Issue:
In the yarn logs (depending on the cluster mode used), you see the following log for the job:
ERROR spark.SparkContext: Error initializing SparkContext.
org.apache.spark.SparkException: Exception when registering SparkListener
at org.apache.spark.SparkContext.setupAndStartListenerBus(SparkContext.scala:2364)
at org.apache.spark.SparkContext.<init>(SparkContext.scala:553)
at org.apache.spark.SparkContext$.getOrCreate(SparkContext.scala:2486)
at org.apache.spark.sql.SparkSession$Builder$$anonfun$7.apply(SparkSession.scala:930)
at org.apache.spark.sql.SparkSession$Builder$$anonfun$7.apply(SparkSession.scala:921)
at scala.Option.getOrElse(Option.scala:121)
at org.apache.spark.sql.SparkSession$Builder.getOrCreate(SparkSession.scala:921)
at com.streamsets.transformer.BootstrapSparkMain.main(BootstrapSparkMain.java:117)
at sun.reflect.NativeMethodAccessorImpl.invoke0(Native Method)
at sun.reflect.NativeMethodAccessorImpl.invoke(NativeMethodAccessorImpl.java:62)
at sun.reflect.DelegatingMethodAccessorImpl.invoke(DelegatingMethodAccessorImpl.java:43)
at java.lang.reflect.Method.invoke(Method.java:498)
at org.apache.spark.deploy.yarn.ApplicationMaster$$anon$2.run(ApplicationMaster.scala:688)
Caused by: java.io.FileNotFoundException: Lineage directory /var/log/spark2/lineage doesn't exist or is not writable.
at com.cloudera.spark.lineage.LineageWriter$.checkLineageConfig(LineageWriter.scala:158)
at com.cloudera.spark.lineage.NavigatorAppListener.<init>(ClouderaNavigatorListener.scala:30)

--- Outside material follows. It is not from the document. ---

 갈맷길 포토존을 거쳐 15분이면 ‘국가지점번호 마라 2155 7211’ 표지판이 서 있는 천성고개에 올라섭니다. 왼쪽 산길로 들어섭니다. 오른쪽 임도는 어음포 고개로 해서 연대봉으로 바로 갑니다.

at sun.reflect.NativeConstructorAccessorImpl.newInstance0(Native Method)
at sun.reflect.NativeConstructorAccessorImpl.newInstance(NativeConstructorAccessorImpl.java:62)

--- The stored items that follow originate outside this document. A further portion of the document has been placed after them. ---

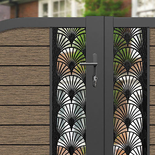 Fusion Laurel Curved Top Driveway Gate Teak - Middle Screen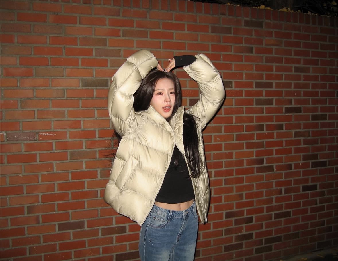패딩에 데님을 매치하려고 한다면 미연처럼!! 은근하게 빛나는 샤이닝한 패팅에 심플한 블랙 이너, 배가 살짝 드러나는 핏의 데님으로 심플하면서도 은근하게 힙한 감성을 잡았죠. 캐주얼한 룩에는 헤어 메이크업은 최대한 자연스럽게, 불필요한 액세서리는 과감하게 생략하는 것이 미덕이라는 사실도 잊지 마세요!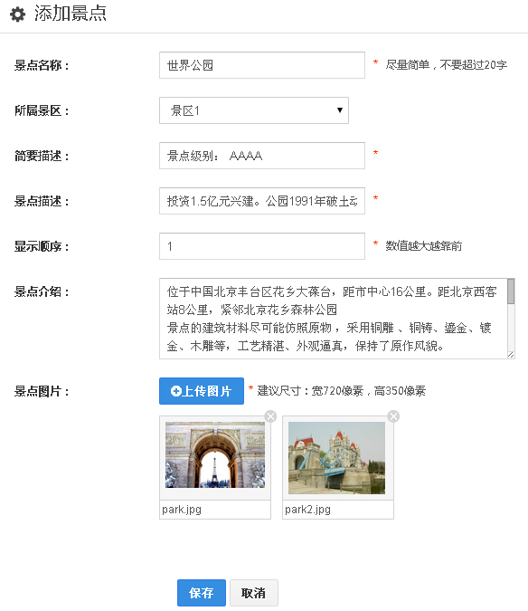 1、点击“景点”——“添加景点”,编辑景点名称,所属景区,简要描述,景点描述等等信息,上传景点图片,景点图片可上传多张。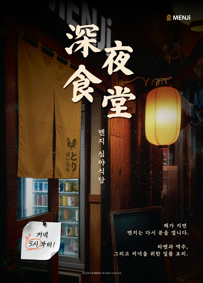 더불어 멘지는 일부 오피스와 대학가 상권 매장을 중심으로 ‘심야식당’ 콘셉트의 신메뉴도 선보일 예정이다. 오는 2월 9일(월)부터 멘지 상암DMC점과 멘지 경희대점 2개 매장에서 처음 선보이는 심야식당 메뉴는 저녁 5시부터 이용 가능하다. ‘닭 육수 라멘’ 전문점이라는 멘지의 강점을 살려 닭 육수와 수비드 닭가슴살 등 라멘에 사용되는 시그니처 재료를 활용한 이자카야형 메뉴를 마련했다.

at sun.reflect.DelegatingConstructorAccessorImpl.newInstance(DelegatingConstructorAccessorImpl.java:45)
at java.lang.reflect.Constructor.newInstance(Constructor.java:423)

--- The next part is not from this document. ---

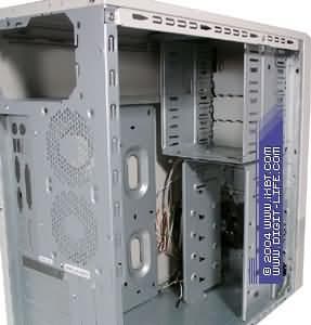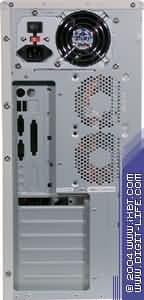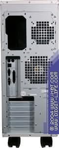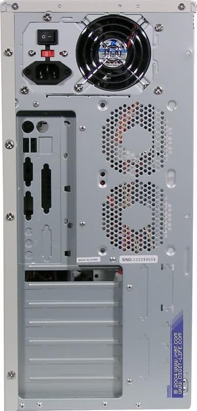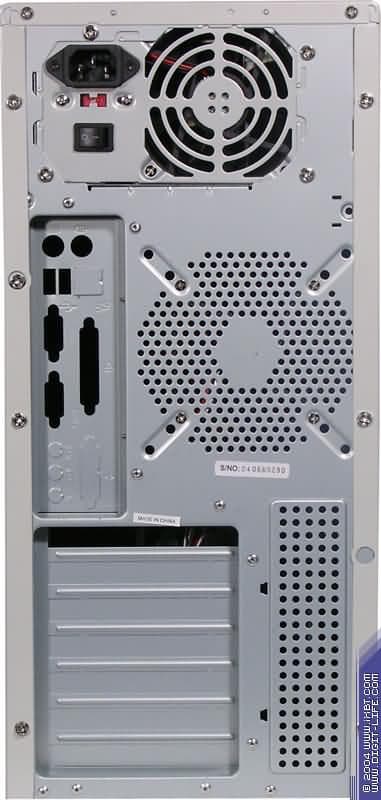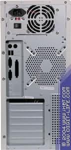 Каркас корпуса выполнен из достаточно толстого анодированного металла, его кромки традиционно завальцованы. Задняя панель корпуса выглядит стандартно для корпусов этого типоразмера. Здесь есть 7 отверстий под выходы плат расширения системной платы (верхнее — под выходы видеокарты AGP — открыто), прорезь под выходы разъемов самой системной платы, вентиляционная решетка вентилятора (допускается крепление вентиляторов большего размера, чем 80x80, на что указывают дополнительные отверстия под винты), вентиляционная решетка пассивного охлаждения. Боковые панели, крепящиеся к каркасу тремя винтами «под отвертку», также оснащены вентиляционными отверстиями в нижней части.

at org.apache.spark.util.Utils$$anonfun$loadExtensions$1.apply(Utils.scala:2740)
at org.apache.spark.util.Utils$$anonfun$loadExtensions$1.apply(Utils.scala:2732)
at scala.collection.TraversableLike$$anonfun$flatMap$1.apply(TraversableLike.scala:241)
at scala.collection.TraversableLike$$anonfun$flatMap$1.apply(TraversableLike.scala:241)
at scala.collection.mutable.ArraySeq.foreach(ArraySeq.scala:74)
at scala.collection.TraversableLike$class.flatMap(TraversableLike.scala:241)
at scala.collection.AbstractTraversable.flatMap(Traversable.scala:104)
at org.apache.spark.util.Utils$.loadExtensions(Utils.scala:2732)
at org.apache.spark.SparkContext$$anonfun$setupAndStartListenerBus$1.apply(SparkContext.scala:2353)
at org.apache.spark.SparkContext$$anonfun$setupAndStartListenerBus$1.apply(SparkContext.scala:2352)
at scala.Option.foreach(Option.scala:257)
at org.apache.spark.SparkContext.setupAndStartListenerBus(SparkContext.scala:2352)
... 12 more
Versions affected:
< CDH 6.X
Solution:
- Create the lineage directory on cluster nodes. On all cluster nodes execute:
$mkdir -p /var/log/spark2/lineage
$chmod -R 777 /var/log/spark2
- Restart the pipeline (no cluster restart required).